Records to use:
▼

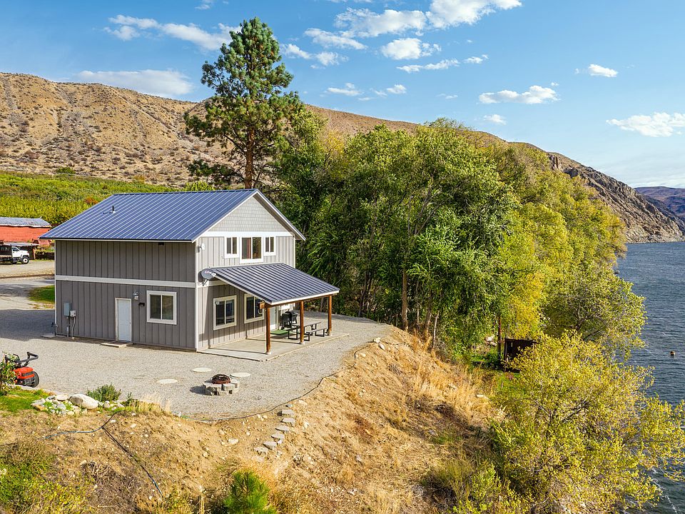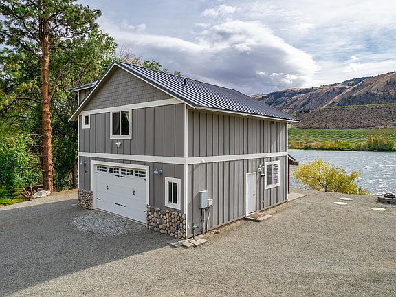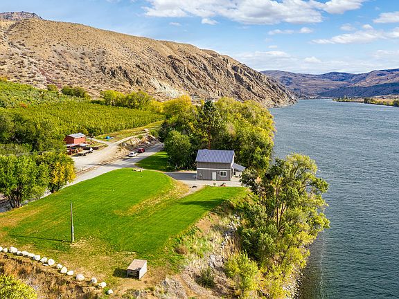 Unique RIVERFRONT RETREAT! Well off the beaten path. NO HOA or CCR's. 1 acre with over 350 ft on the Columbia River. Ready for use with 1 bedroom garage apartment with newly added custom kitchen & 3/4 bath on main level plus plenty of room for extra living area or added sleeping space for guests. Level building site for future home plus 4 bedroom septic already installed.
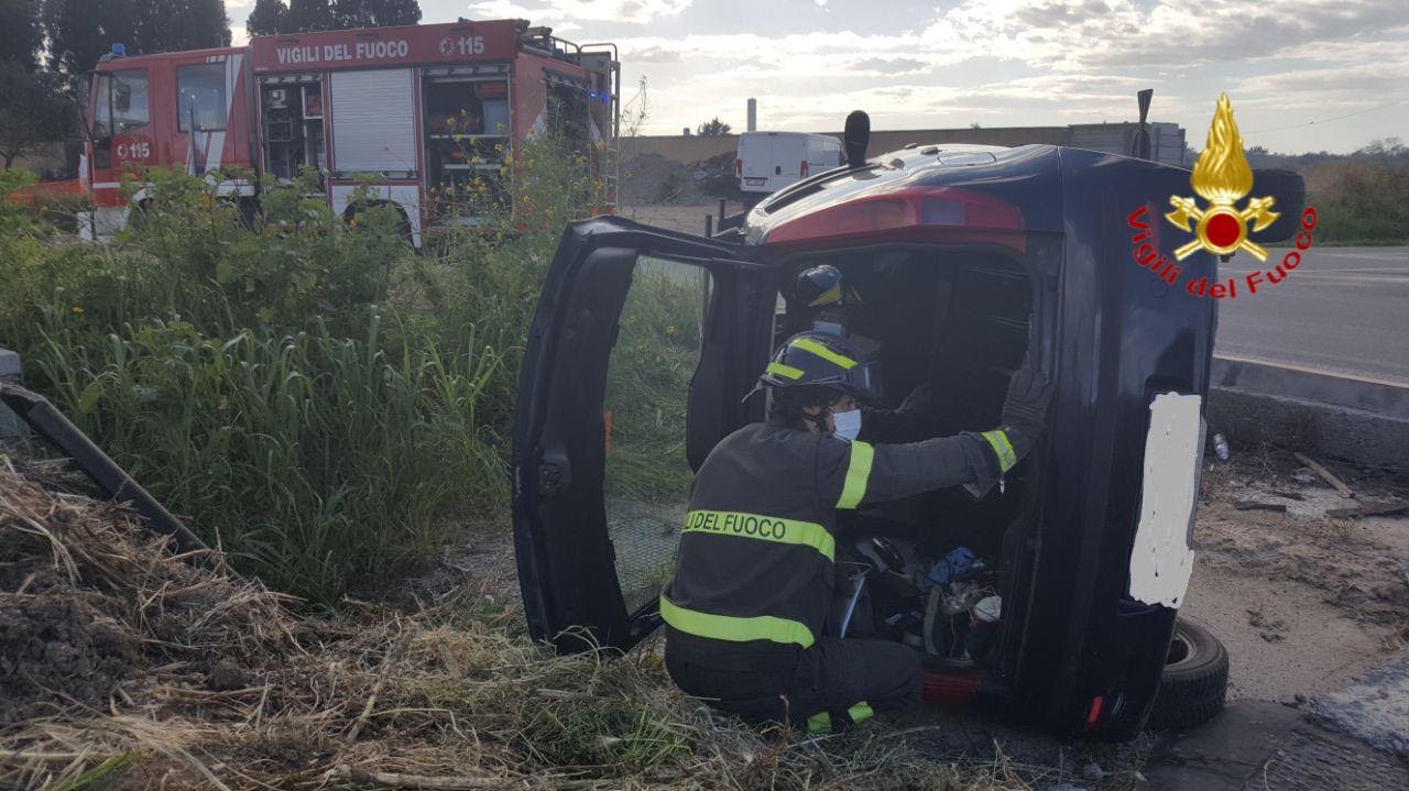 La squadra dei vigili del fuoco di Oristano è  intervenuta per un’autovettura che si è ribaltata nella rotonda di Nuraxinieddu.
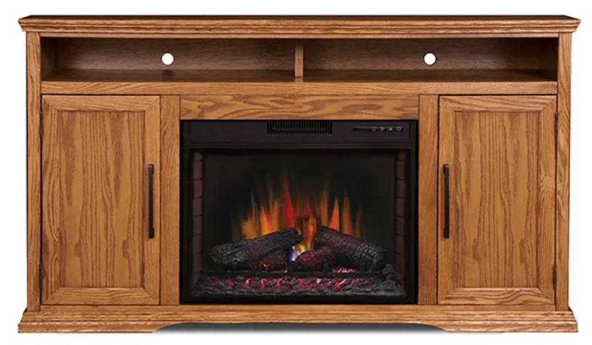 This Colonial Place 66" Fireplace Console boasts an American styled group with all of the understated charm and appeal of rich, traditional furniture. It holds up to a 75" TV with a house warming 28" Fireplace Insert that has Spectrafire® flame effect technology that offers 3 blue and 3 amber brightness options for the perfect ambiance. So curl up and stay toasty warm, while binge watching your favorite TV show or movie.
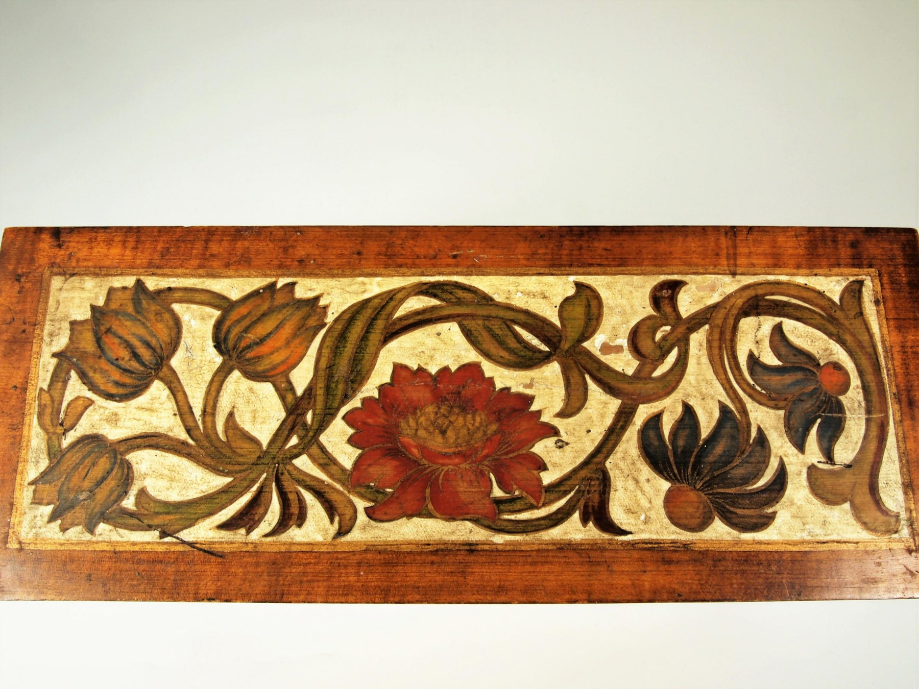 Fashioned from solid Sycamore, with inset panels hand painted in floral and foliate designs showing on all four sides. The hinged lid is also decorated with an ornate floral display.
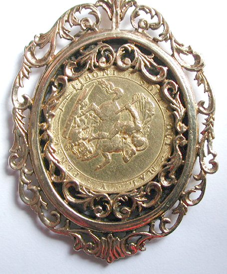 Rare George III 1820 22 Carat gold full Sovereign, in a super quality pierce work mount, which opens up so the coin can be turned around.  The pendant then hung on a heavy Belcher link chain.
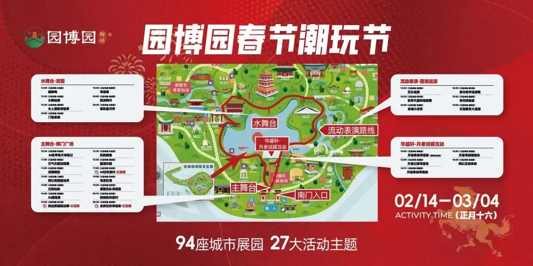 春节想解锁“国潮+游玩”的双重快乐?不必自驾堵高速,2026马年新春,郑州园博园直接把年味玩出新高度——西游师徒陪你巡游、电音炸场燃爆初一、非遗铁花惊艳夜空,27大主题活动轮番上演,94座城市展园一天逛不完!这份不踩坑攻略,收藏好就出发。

▲
▼

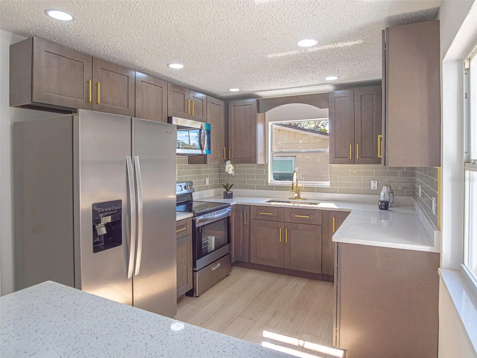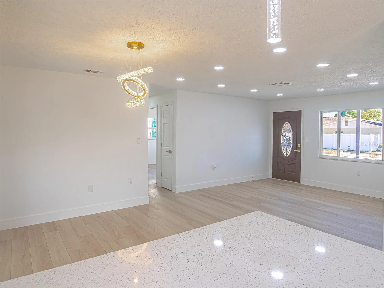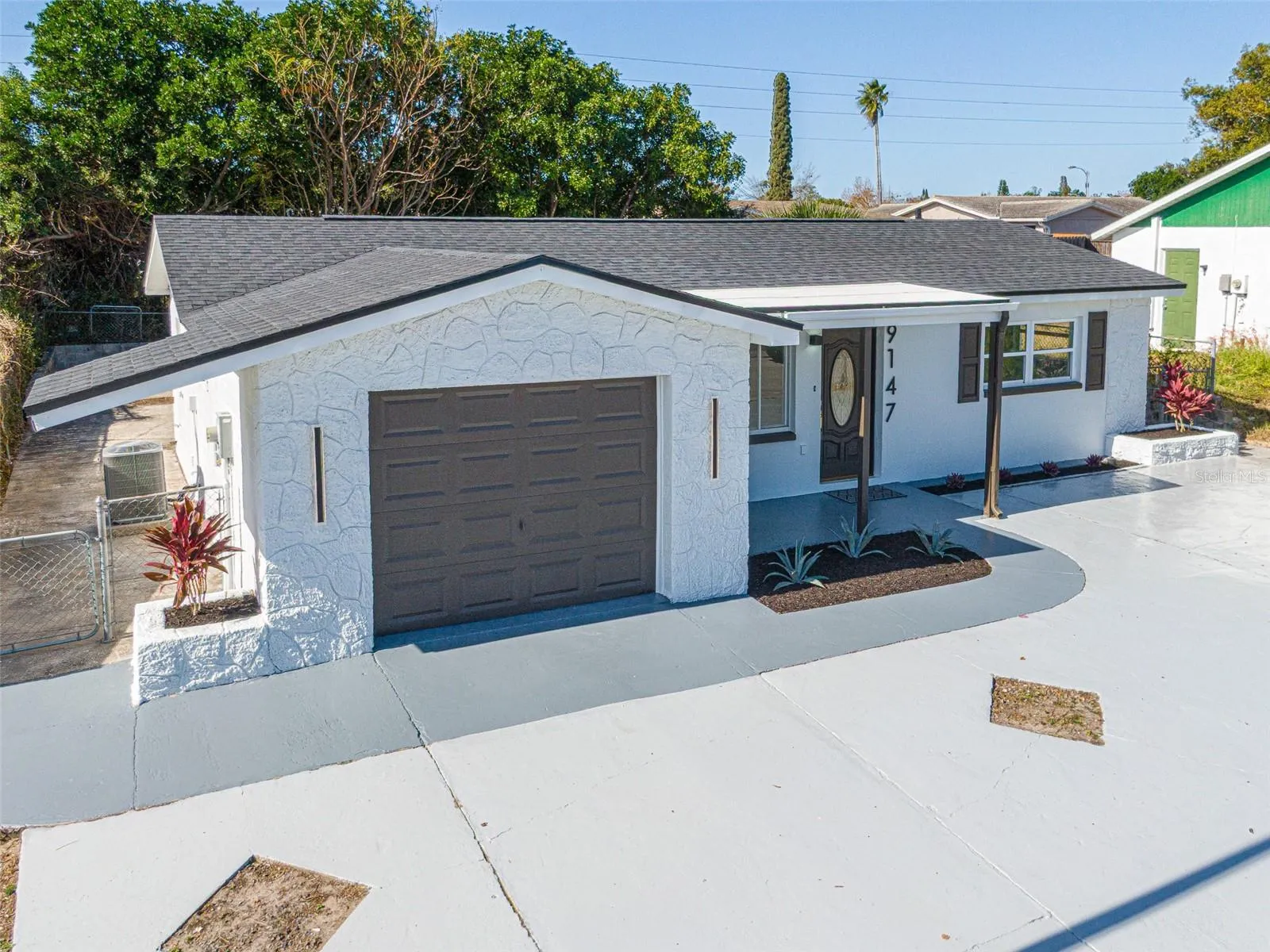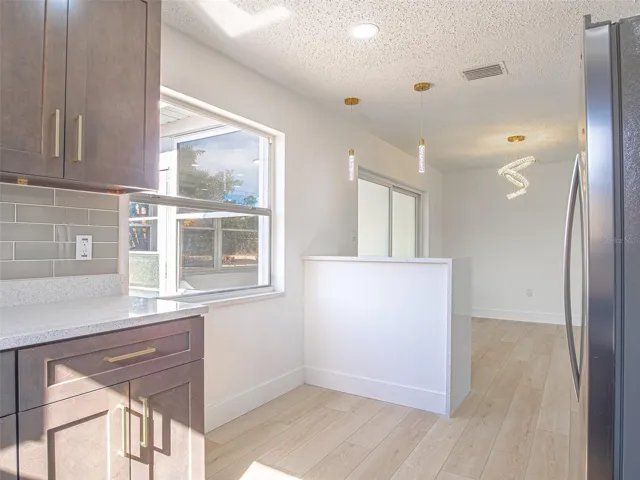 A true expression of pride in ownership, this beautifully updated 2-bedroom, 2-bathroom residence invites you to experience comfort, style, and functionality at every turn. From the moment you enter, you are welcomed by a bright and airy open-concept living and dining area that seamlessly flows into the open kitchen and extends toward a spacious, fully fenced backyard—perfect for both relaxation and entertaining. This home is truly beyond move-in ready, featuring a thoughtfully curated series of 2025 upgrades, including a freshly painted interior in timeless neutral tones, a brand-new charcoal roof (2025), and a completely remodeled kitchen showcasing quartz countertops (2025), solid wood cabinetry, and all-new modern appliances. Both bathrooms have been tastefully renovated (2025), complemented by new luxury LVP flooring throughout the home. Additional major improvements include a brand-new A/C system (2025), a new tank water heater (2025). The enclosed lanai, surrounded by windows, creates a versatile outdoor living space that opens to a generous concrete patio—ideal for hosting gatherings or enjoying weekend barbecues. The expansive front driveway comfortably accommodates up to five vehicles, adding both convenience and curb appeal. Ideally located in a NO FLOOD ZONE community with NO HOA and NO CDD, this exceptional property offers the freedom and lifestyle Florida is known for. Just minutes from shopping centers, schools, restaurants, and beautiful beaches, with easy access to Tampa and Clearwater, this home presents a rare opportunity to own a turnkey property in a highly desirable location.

▲

What you should do: Only one part of the listing is wanted: the lines from the one containing "Unique RIVERFRONT RETREAT!" through the one containing "La squadra dei", both included. Please transcribe it exactly, leaving out the pictures.

Solution to this problem:
 Unique RIVERFRONT RETREAT! Well off the beaten path. NO HOA or CCR's. 1 acre with over 350 ft on the Columbia River. Ready for use with 1 bedroom garage apartment with newly added custom kitchen & 3/4 bath on main level plus plenty of room for extra living area or added sleeping space for guests. Level building site for future home plus 4 bedroom septic already installed.
 La squadra dei vigili del fuoco di Oristano è  intervenuta per un’autovettura che si è ribaltata nella rotonda di Nuraxinieddu.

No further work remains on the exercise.